Time can cause a number of nuisance effects. For example, some materials may have different fatigue properties depending on the time elapsed after heat treatment (i.e., the effect of ageing). Thus, if a batch of S-N horns are machined from the same bar, then their fatigue lives may depend on when they are tested. Similarly, if the horns are not properly protected from the environment (e.g., oxidation) during storage, then the storage time could affect fatigue lives. Also, if testing is extended over a lengthy period, then the seasonal change in humidity may affect the fatigue lives.

Time can also cause indirect nuisance effects. For example, test instruments may drift out of calibration, equipment may fail and be subsequently replaced with slightly different equipment, personnel may change, etc.

Randomization

For RCB testing, randomization is important.

Cycled versus continuous tests

Testing can either be continuous (sonics left on all the time) or cycled (sonics switched on and off in a programmed sequence). In general, continuous testing is preferred where the horn and converter can be adequately cooled:

1. Improved timing accuracy. If the test is cycled (e.g., 1 second on, 4 seconds off), then the on-time for each test cycle must be accurately set. If the on-time is incorrect by X%, then the calculated total fatigue life will also be incorrect by X%. In contrast, continuous tests can be timed by synchronous clocks, whose accuracy is very good and whose error is random, rather than cumulative.
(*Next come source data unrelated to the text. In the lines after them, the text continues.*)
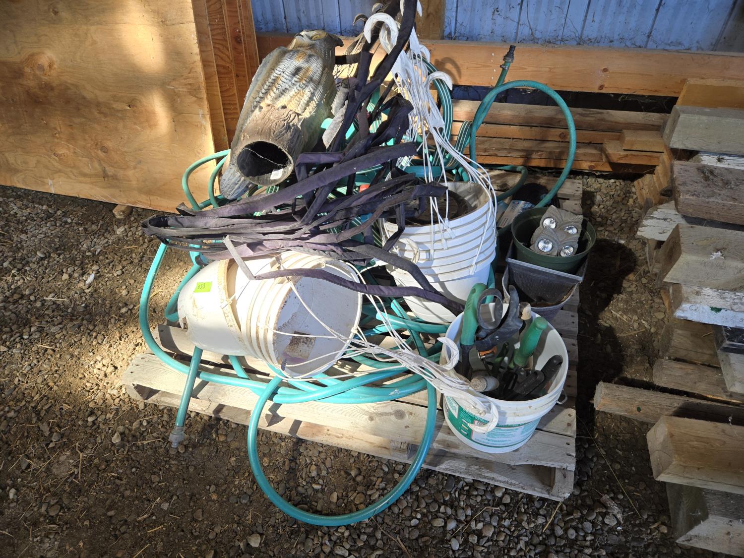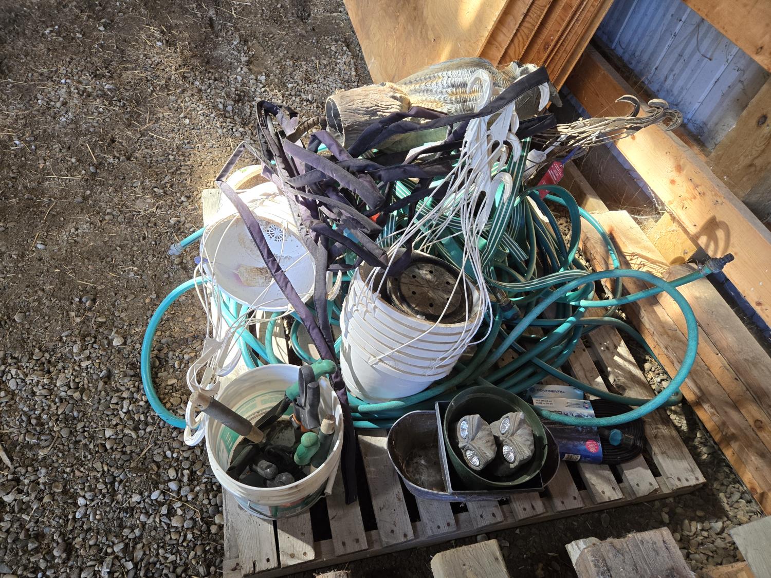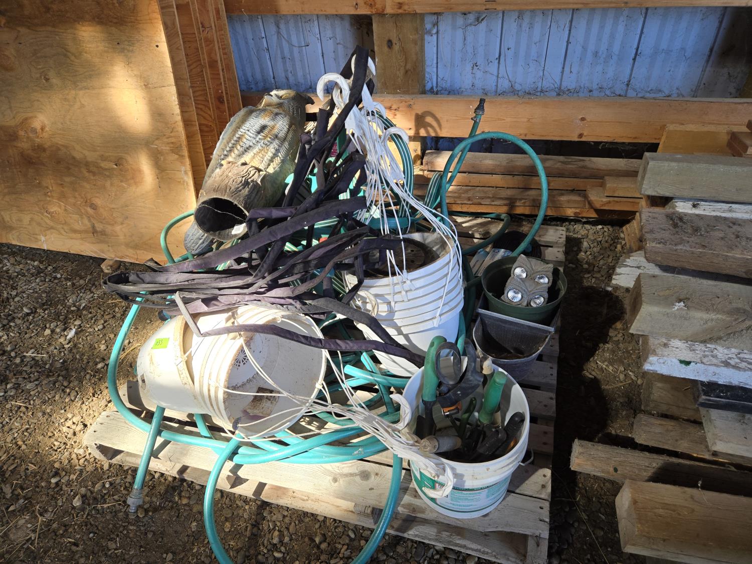 (6) garden hoses and connections, (18) hanging flower baskets, Qty of garden tools, (2) Solar light owl ornaments, plastic owl, (3) plant pots
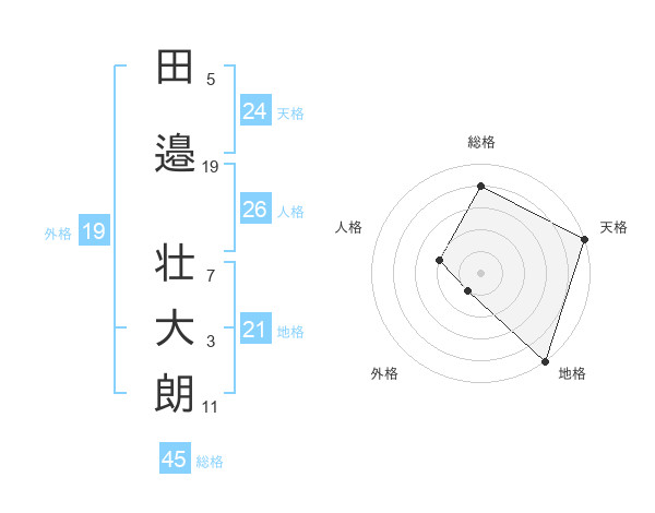 田邉 壮大朗さんを姓名の画数から五運を鑑定
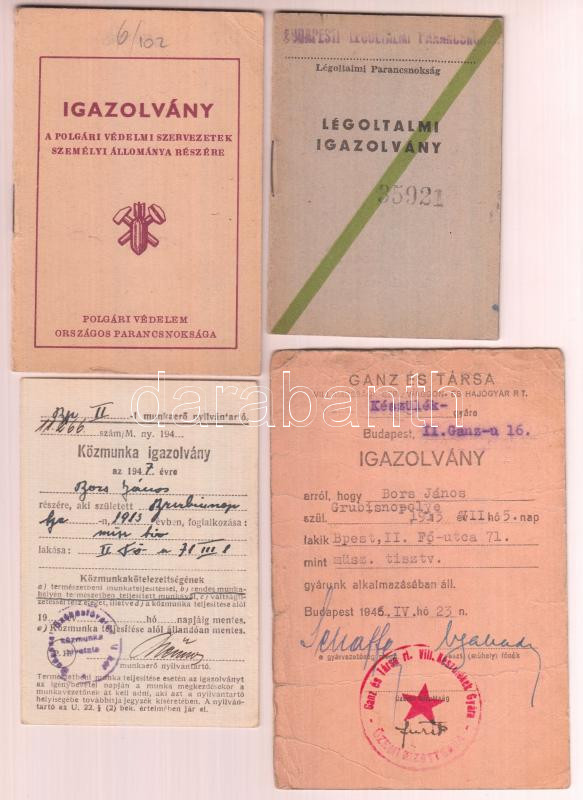 cca 1928-1971 7 db igazolvány (Ganz és Társa, Magyar Irodalmi és Művészeti Kongresszus, közmunka igazolvány, kultúrigazolvány, Tungsram, légoltalmi, stb.)
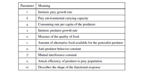 Table 1.1: The parameters of the system (1.1) and their ecological meanings.
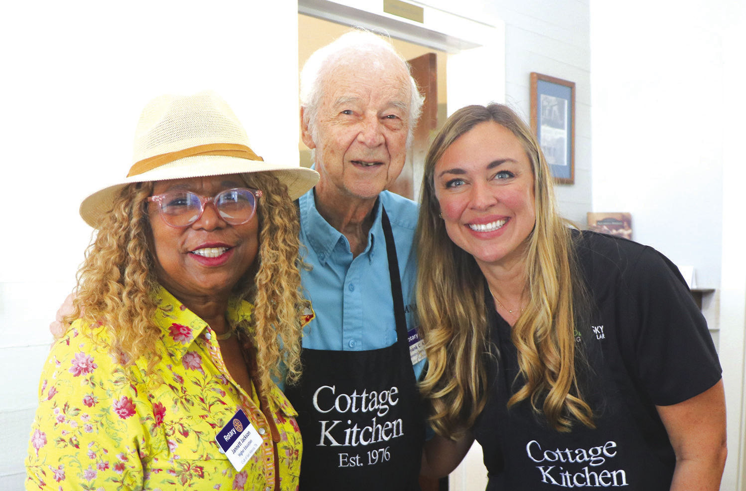 Rotary Club members Dr. Jannett Jackson and Frank C. King pause from assisting visitors to take a photo with HASM communications chair Allison Hardy. Daily record photo by Celeste Cook
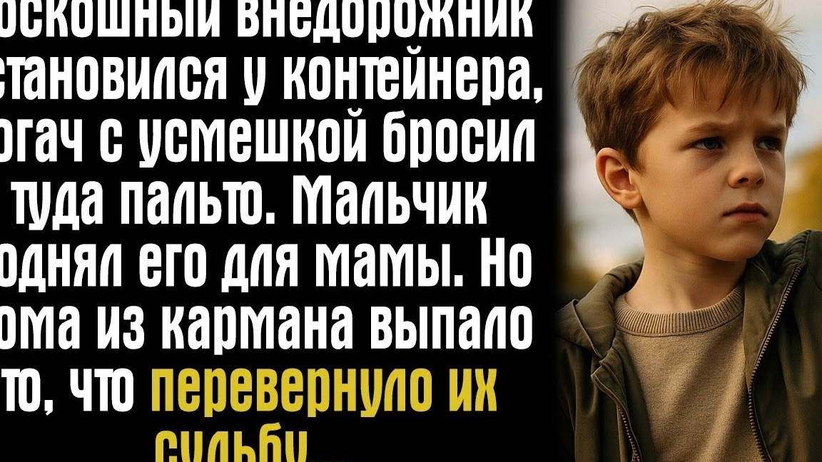 Роскошный внедорожник остановился у контейнера, богач с усмешкой бросил туда пальто. Мальчик..
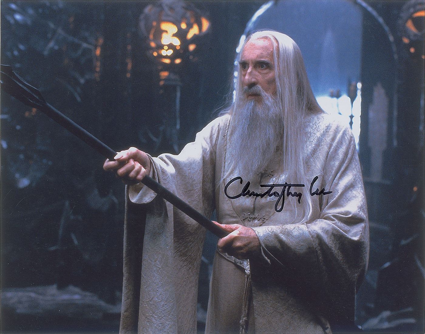 Color glossy 10 x 7.75 half-length photo of Lee as Saruman from the 2001 film The Lord of the Rings: The Fellowship of the Ring, signed in black felt tip. Collector's stamp on reverse indicates that the signature was obtained at the Radisson Edwardian Hotel in Heathrow on November 14, 2004. In very fine condition.
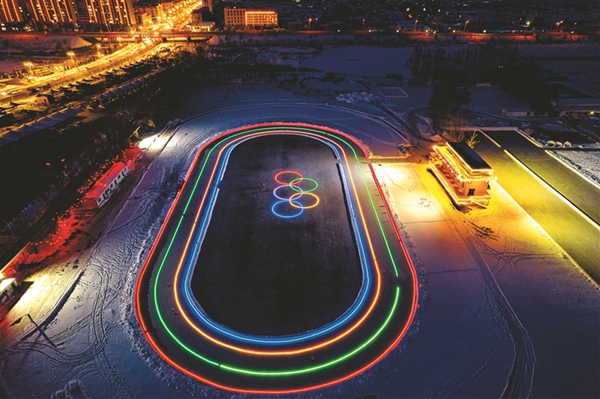 日前,雞西市橋北體育場大型燈光速滑冰場亮相并投入使用。冰場上,紅、綠、藍(lán)、黃四條光帶分隔的速滑賽道美麗且醒目。在冰場的中央,由五色光帶構(gòu)成的奧運(yùn)五環(huán)標(biāo)志清晰明亮,冰場四周懸掛了1000個(gè)小燈籠。燈光錯(cuò)落有致,色彩斑斕,吸引了大量市民加入到夜滑隊(duì)伍中。楊春光 本報(bào)記者 孫偉民攝
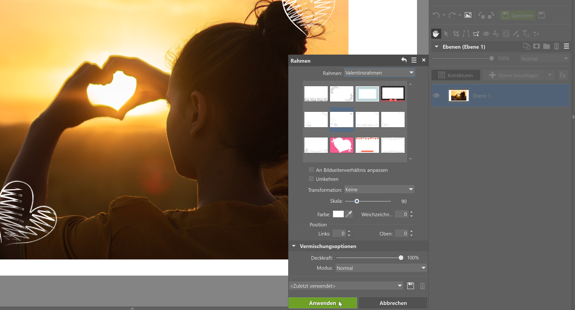 Sie werden bei den Rahmentypen jeweils mehrere Rahmen zur Auswahl haben. Wählen Sie den Rahmen aus, der Ihnen am meisten gefällt bzw. am besten zum Foto passt. Sie können DIe Rahmen anschließend noch bearbeiten – Anpassung an das Seitenverhältnis, drehen usw.
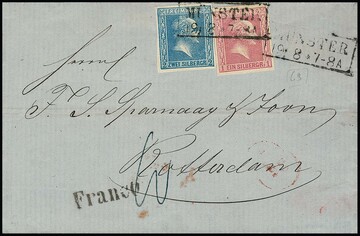 1 Sgr. rosa und 2 Sgr. blau, je gut geschnitten, auf zwei Prachtbriefen 1859 aus einer Korrespondenz von Münster (Ra2) nach Rotterdam/Holland

2. Better interpretation of results. For cycled tests, the "on" time has an inexact meaning. This problem occurs because the horn requires some finite time to reach full amplitude after the power supply is triggered. Similarly, the horn requires some finite time to return to zero amplitude after the power supply is shut off. (Figure [f]. shows the amplitude envelope for an S-N horn during cycled tests.) Thus it is unclear exactly what time should be used for the on time. (See section _Error! Reference source not found._ for further discussion.)

3. Reliability. Cycled tests require a counter to count the number of test cycles. These counters and the associated circuitry have not been especially reliable.

4. Power supply starting. Cycled tests require continued restarting of the power supply. If the horn has very high stored energy, then the power supply may not restart consistently.

5. Speed. The fatigue test con be completed much more quickly for continuous tests than for cycled tests.

Cycled tests are recommended only when the horn or converter cannot be adequately cooled during continuous running, or when the cycling itself may have some effect on the horn life. For example, it has been suggested that the initial power supply turn-on may may cause a very brief transient that overstresses the horn, thereby reducing its fatigue life. Such a transient would not be present during a continuous test, so that the continuous test would then predict an abnormally long fatigue life for working horns. (Note: such a transient has never been proved.)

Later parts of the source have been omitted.